Aww, man, they're really going to drop support of the 921's as people swap their receivers for the 622's. I'm planning to keep the 921 as long as I can until we have many more new HD channels coming but if the software won't be as updated as frequently as it is now (which is a joke at 1 update every 2-3 months before the E10 and this non-sense fix came out), I might just drop our personal DISH account.  If they got the 921 relatively bug-free and dropped dedicated support, then sure, it should work fine like the 721, but it hasn't gotten there. This is a shame, really. And I'm a pro-DISH guy most of the time, too.


----------



## SummitAdvantageRetailer (Feb 20, 2005)

harsh said:


> I thought that was what L275 was for.


Yeah, Scott at the other forum said that 276 was for a fix for the new software download pop-up disabling video on Tuner 2, which nobody I've seen report on here by the way.


----------



## ibglowin (Sep 10, 2002)

Can't wait to get back home ande see what L276 has done. L275 just about killed one of my 921's and wiped the hard drive. Hope it doesn't happen again this time.


----------



## harsh (Jun 15, 2003)

socceteer said:


> I know that tivo has an HD DVR which will work in conjunction with your HD box.
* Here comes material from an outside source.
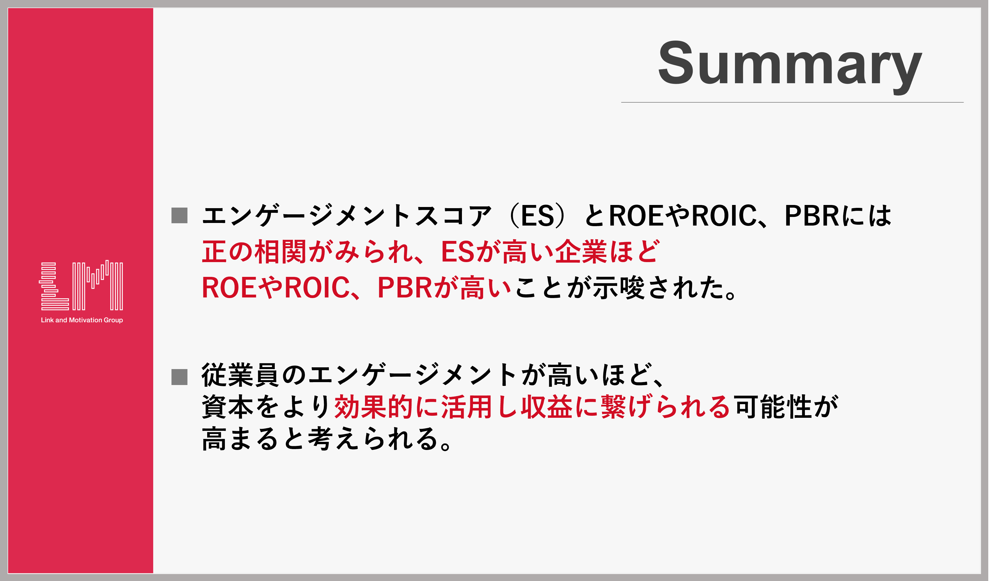 加えて、ROEとROIC双方への影響が顕著にデータとして顕在化していることに、より大きな意味があると捉えています。ROEは純資産のコントロールにより一定の向上が可能であるため、従業員エンゲージメントの影響範囲は狭小ではないかという意見もありますが、従業員エンゲージメントがROEの計算式の分子である純利益を構成するトップラインや支出に対して、間接的に影響を及ぼすであろうことは理解しやすいでしょう。また、比較的操作が難しいROICにおいても正の相関が顕在化したというデータからは、従業員エンゲージメントが、トップラインや販売管理費に比較的大きな影響を及ぼす一因となっている可能性が高いことが読み取れます。両指標への相関性が顕在化したことで、企業の将来性を予測する際に従業員エンゲージメントが新しく有効な示唆となるといえるでしょう。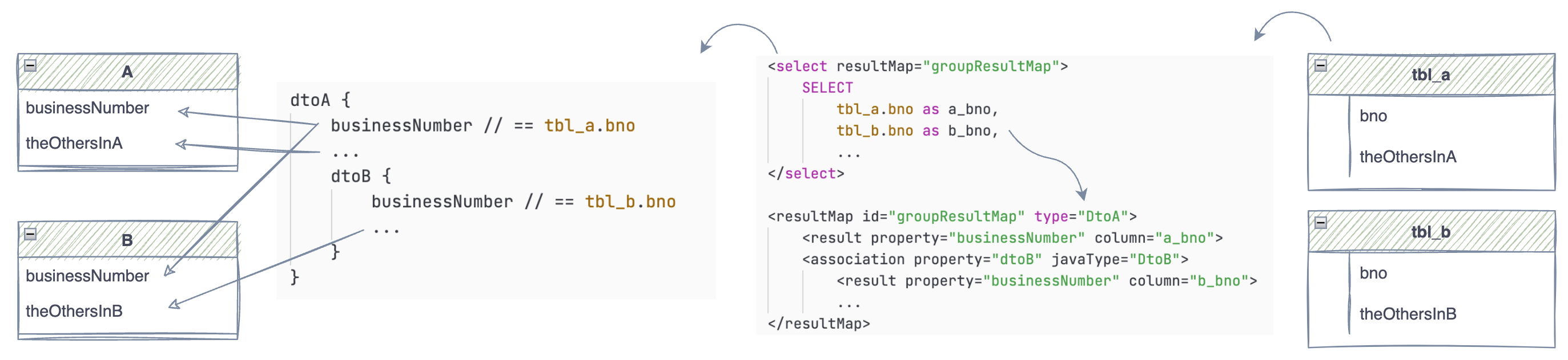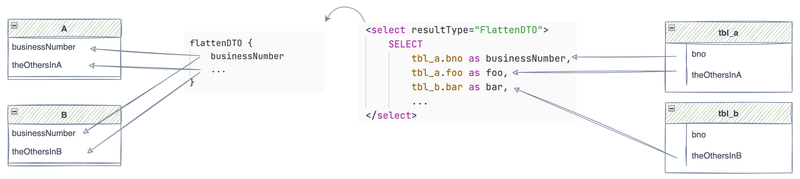 - `` DtoA.businessNumber = tbl_a.bno; DtoB.businessNumber = tbl_b.bno`` 또는 여기서 둘 다 tbl_a.bno로 초기화 할 수는 있지만 이러한 내용이 쿼리에 숨겨져 있다면 더 추적하기 어렵다. (DtoB의 필드는 tbl_b 컬럼에 대응 될 것이라고 예상하기 때문)

TiVo (or their hardware partners) currently don't offer a standalone HD DVR. The one that they've been dragging around to trade shows (Series 3) isn't designed to record HD satellite content.


----------



## boylehome (Jul 16, 2004)

My 921 experienced a missed timer for the first time in months. It was for trading spouses on OTA. It has worked fine the past couple of weeks. Now lets see how the other timers work.


----------



## Allen Noland (Apr 23, 2002)

Here are the Release Notes.

921 L276: Fix for the download available pop-up 872 interrupting viewing on Tuner 2.


----------



## SimpleSimon (Jan 15, 2004)

I would expect that they just get rid of that worthless message.

There's no point in it.


----------



## DonLandis (Dec 17, 2003)

Don't have the time to decipher these weekly updates anymore but I do now see a popup that tells me to hit a button to let the receiver know I haven't fallen asleep or it will explode yada yada... 

Anyway it's something like that. I see this popup after watching a moviefor about 90 minutes or so. This started with L275 and I now have 276 and it still shows up.


----------



## Rotryrkt (Dec 11, 2004)

Well, they really screwed my 921 up again. About half the time when I hit the guide button the wrong time (a few minutes to an hour in the past) is displayed as the current time. I have timers firing wrong all over the place for the first time in a year or more. After I exit the guide and go back in it usually displays the correct time, but not always. I guess I should be used to this flaky behavior by now, but it's really frustrating after over 2 years of this. This crap is really getting old, especially when I look at how much I pay these people every month for service that doesn't work half the time.


----------



## brettbolt (Feb 22, 2006)

Michael P said:


> Does anybody know if there is such a thing as a stand-alone DVR with DVD burner and no monthly fee?


Before I activated my 921 it had basic DVR functionality for the OTA locals. It would let me receive and record HD OTA locals, but without any guide data.


Michael P said:


> L276 was the kiss of death. I'm ready to call it quits with E* DVR's.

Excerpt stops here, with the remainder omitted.